Mining & Resources

Mining Dump Trucks Conference focuses on efficiency gains

11 Feb 2009, by Informa Australia

Difficult trading times for mining companies in a troubled economy have increased the necessity for introducing efficiency gains into their operations in order to maximise their profitability.

The increase in the payload on mining trucks to ensure productivity and substantial profit was at the core of the Australian Journal of Mining’s Mining Dump Trucks conference held on December 9 and 10 last year.

A number of experts attended the conference in Brisbane to look at major issues associated with dump truck tray design and to discuss the best methods for improving productivity through streamlined operations. Experts and case studies also pinpointed efficiency gains that would lead to improved throughput and greater yield.

mining dump trucks 01

Brian Louden, the Managing Director of Big Tyre, spoke about maximising the longevity of tyres to prevent its shortages.

“Good records and reports are essential for effective tyre management,” he said.

Reports had to contain information including the cost of the tyre, dates tyres were fitted and removed, reasons for tyre removal, tyre specifications and identifications, the tyre position on the vehicle and the distance it travelled.

Mr Louden outlined techniques for improving the life of a tyre including the introduction of a vehicle maintenance program, strategies to ensure safe vehicle operations, taking note of site management considerations and the procurement of suitable tyres.

He also discussed the options available for retreading and new repair techniques. Mr Louden recommended the replacement of broken cables known as the Ardon System.

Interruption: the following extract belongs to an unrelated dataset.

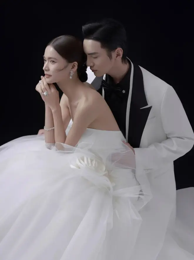 尝试一下黑底纯色婚纱照吧~经典永不过时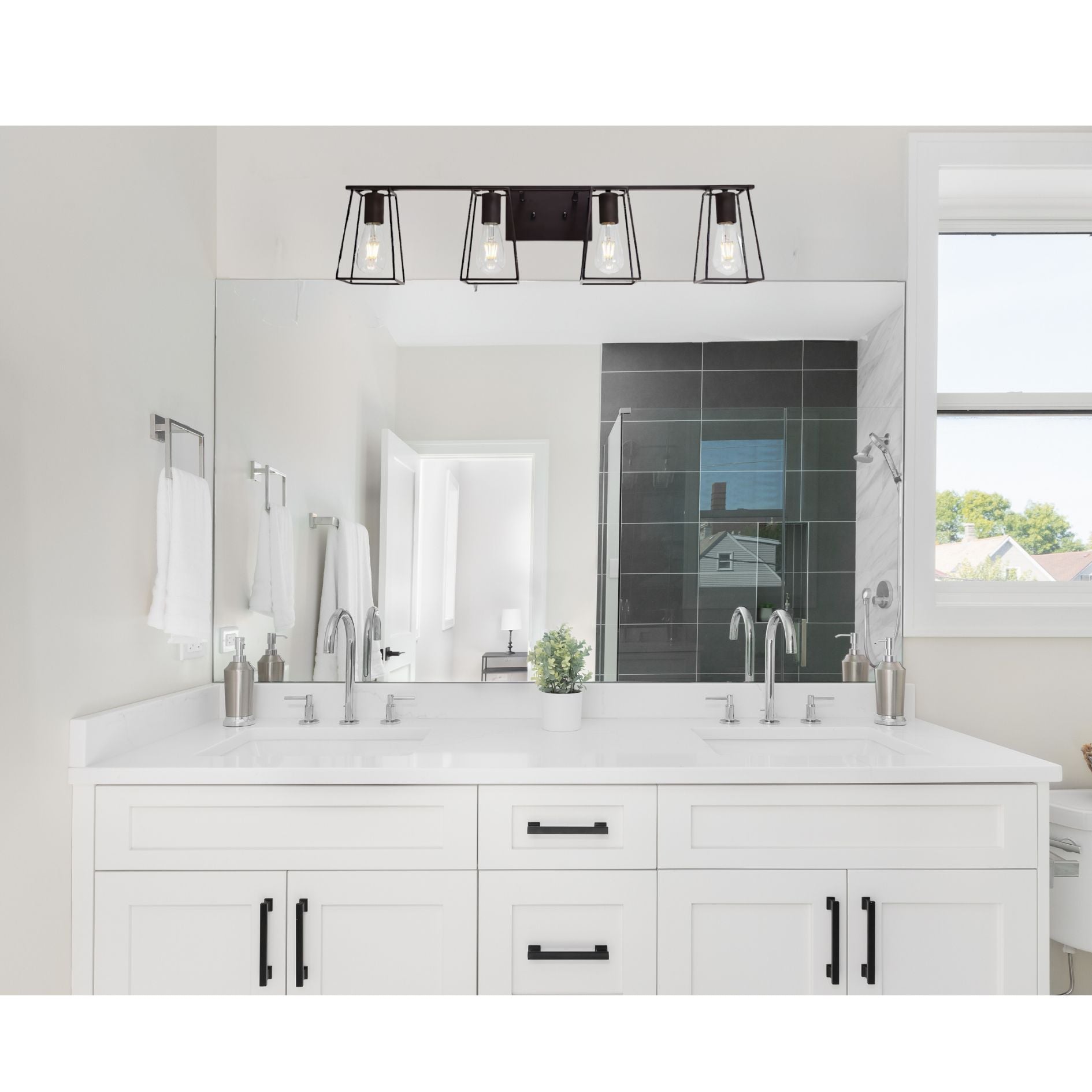 Give your bathroom or living space an instant style upgrade with this industrial-vintage 4-light wall sconce in oil-rubbed bronze. The open metal-cage design exposes classic candelabra-style bulbs for a warm, atmospheric glow while the sturdy metal construction and versatile mounting make it suitable for a variety of interior applications—from vanities and hallways to restaurants and retail spaces.

This allowed 15 cables or more to be repaired and although it was expensive, it was more economical.

Mr Louden concluded his address with his views on the future of tyres.

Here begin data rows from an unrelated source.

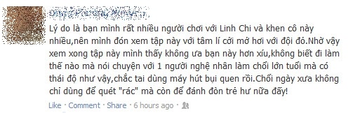 Và mọi chuyện bắt đầu khi cô nộp sản phẩm của mình để người nghệ thân có thể kiểm duyệt và cấp quyền đi tiếp. Khi nghe người này nhận xét cây chổi không được thực hiện đúng chuẩn nên bắt buộc phải làm lại, Linh Chi đã tỏ rõ vẻ thất vọng và hụt hẫng. Cô nói trong nghẹn ngào: “Con lạy chú, con không thể làm tốt hơn được nữa. Con làm văn phòng, không phải là người làm chổi. Con chỉ làm cái chổi quét được. Vậy thôi!”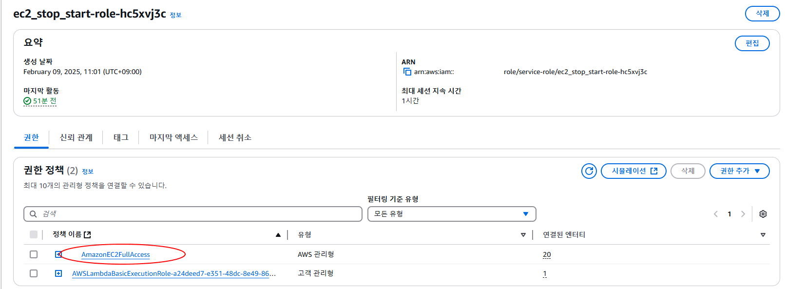 2. lamda함수에 ec2 관련된 IAM권한을 추가한다.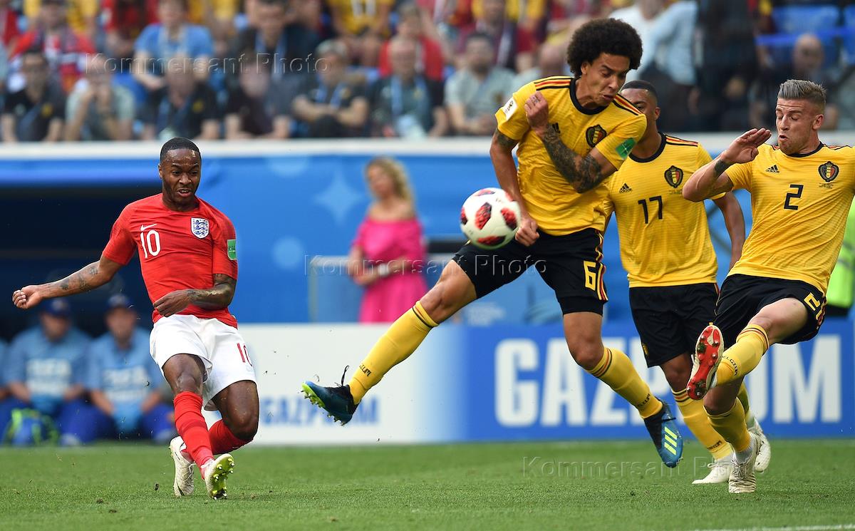 Чемпионат мира по футболу в России FIFA 2018. Матч за 3-е место между сборными командами Бельгии и Англии на стадионе "Санкт-Петербург". Слева направо: игрок сборной Англии Рахим Стерлинг, игроки сборной Бельгии Аксель Витсель и Тоби Алдервейрелд во время матча.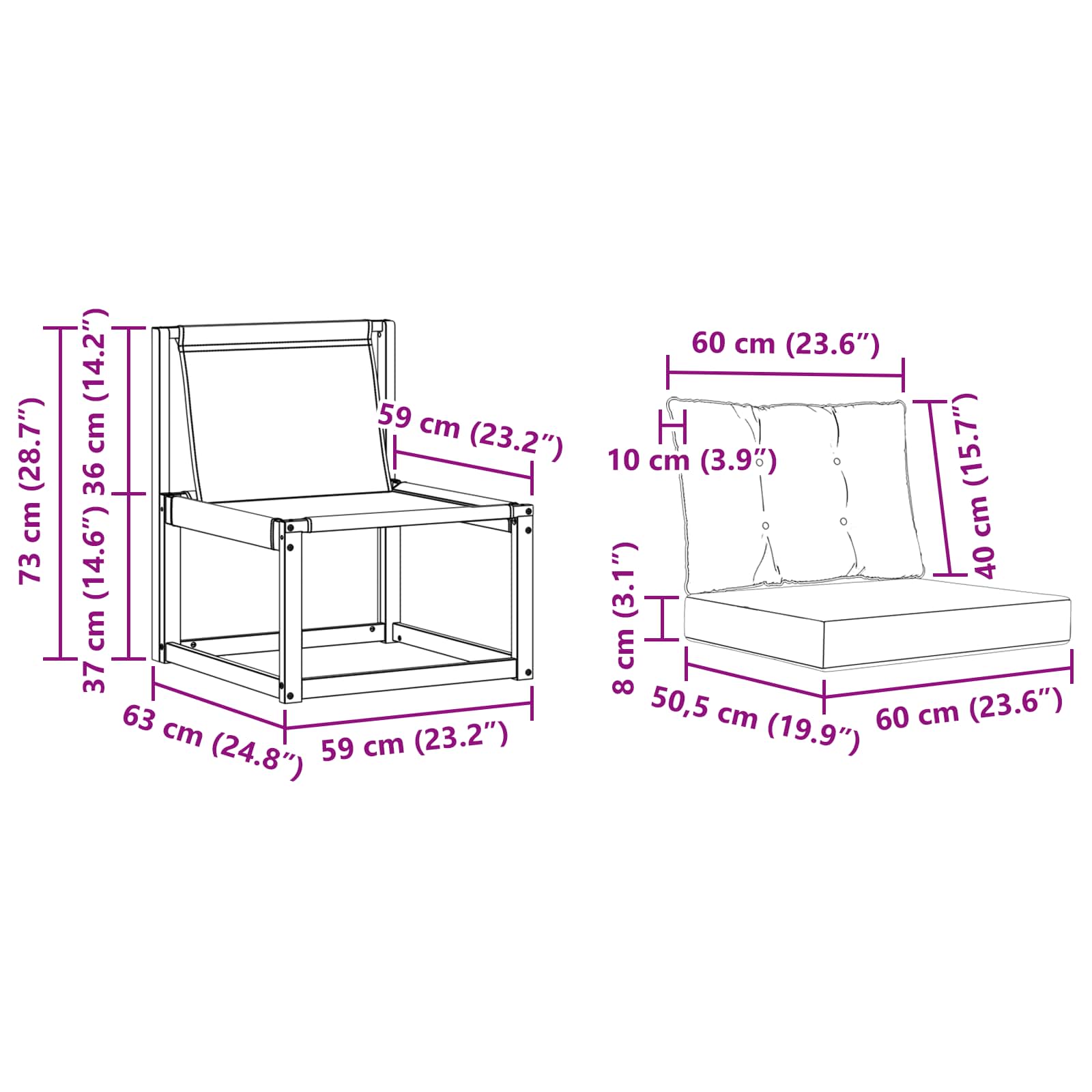 - 2 x okvirni naslon: 60 x 6 x 61 cm (D x Š x V)

Michael Barker, Project Manager of Kador Engineering outlined his company’s project of designing Zinifex 830E Komatsu Dump body.

Komatsu approached Kador about building a durable mine specific body as a standard dump body design was unsuitable for the particular features of the Zinifex mine rock.

Dump Truck

“Zinifex (formerly Century Zinc) were interested in a very heavy duty body to resist impact, but obviously as lightweight as possible,” Mr Barker said. “The task of designing the new type of 830E body was contracted to CMP Engineers who working with Kador, Komatsu & Zinifex finalised a concept.”

A key feature of the Zinifex body was a high hardness 32mm floor plate which was equivalent to two 25 mm plates.

The plan’s concept was to operate the bodies without wear plates which were to be added later in the life of the body.

Mr Barker said 30 bodies were currently in service and that the design had been a success.

“They have proven to be a good compromise of durability and low tare weight,” he said. “There are lighter weight bodies available but these tend to require significant ongoing maintenance.”

Nick Griffith, Business Development Manager of Ground Breaking Innovations Pty Ltd, spoke about the process of benchmarking the productivity performance of mining dump trucks worldwide.

“Benchmarking is a tool to identify your position and performance against yourself and the rest of the world,” he said. “[It] is the process of seeking out and studying the best internal practices that produce superior performance.”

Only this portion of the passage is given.